■ **Available data**:
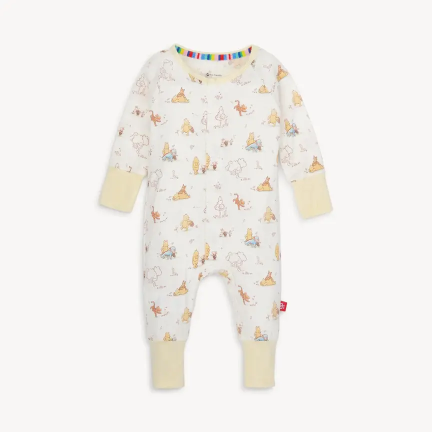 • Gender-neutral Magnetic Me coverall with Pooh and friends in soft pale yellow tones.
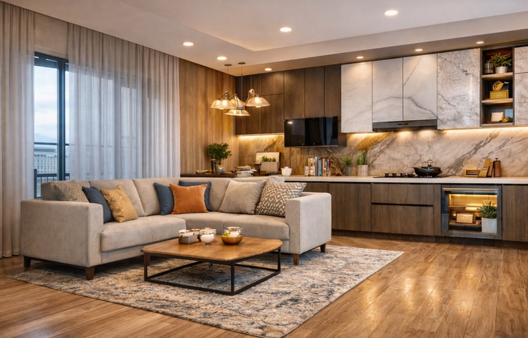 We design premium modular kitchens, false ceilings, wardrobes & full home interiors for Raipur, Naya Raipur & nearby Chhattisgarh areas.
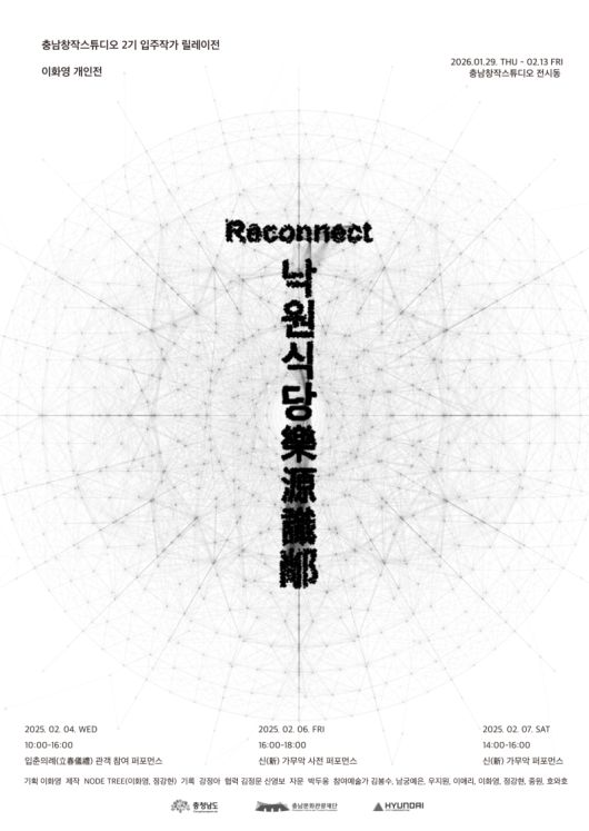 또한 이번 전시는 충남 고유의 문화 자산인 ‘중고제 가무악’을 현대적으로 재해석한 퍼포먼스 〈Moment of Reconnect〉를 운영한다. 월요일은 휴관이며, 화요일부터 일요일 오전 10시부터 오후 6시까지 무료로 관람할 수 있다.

■ **Aim of the task**: What is needed is an exact copy of the lines from the beginning of the data through the line containing "We design premium", both included, without any pictures.

■ **Written solution**:
 • Gender-neutral Magnetic Me coverall with Pooh and friends in soft pale yellow tones.
 We design premium modular kitchens, false ceilings, wardrobes & full home interiors for Raipur, Naya Raipur & nearby Chhattisgarh areas.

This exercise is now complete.